Grilling the workers
Headline:
‘We are dying’: Houston workers protest new state law removing water break requirements
House Bill 2127, which takes effect on Sept. 1, will do away with local rules that require water breaks for construction workers. The cities of Austin and Dallas, for example, require 10-minute breaks every four hours. San Antonio officials had been considering a similar ordinance.

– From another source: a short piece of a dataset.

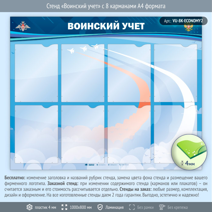 Стенд «Воинский учет» с 8 карманами А4 формата (VU-8K-ECONOMY2) в Сургуте купить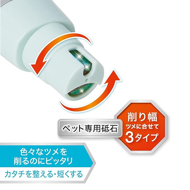 ペット専用砥石、ツメに合わせて削り幅3タイプ。

Ten minute breaks every four hours are not all that much, especially in blazing heat. (When I worked as a seasonal laborer for the Seattle Parks Department the rule was fifteen minute breaks every two hours – thanks to the union. Annoyingly, some crews liked to combine the breaks into one break first thing in the morning to go to a restaurant for a big breakfast. I think I pointed out once or twice that this meant we got no break from the peak afternoon heat, but got nowhere. Seasonals were the lumpenproletariat.)
This summer has already been a punishing one, with record-high temperatures throughout the state, a reminder that climate change continues to worsen heat in Texas. At the morning news conference, protesters sweat as they wore hard hats and held white crosses in honor of construction workers who have died from the heat. Organizers offered water and Gatorade.
The people who passed the law taking the breaks away work inside in air-conditioned offices and chambers. They’re not going to die of heat stroke on the job. It’s unabashed class privilege and sadism, but the left is too busy sniffing out terfs and DEI-criminals to pay attention.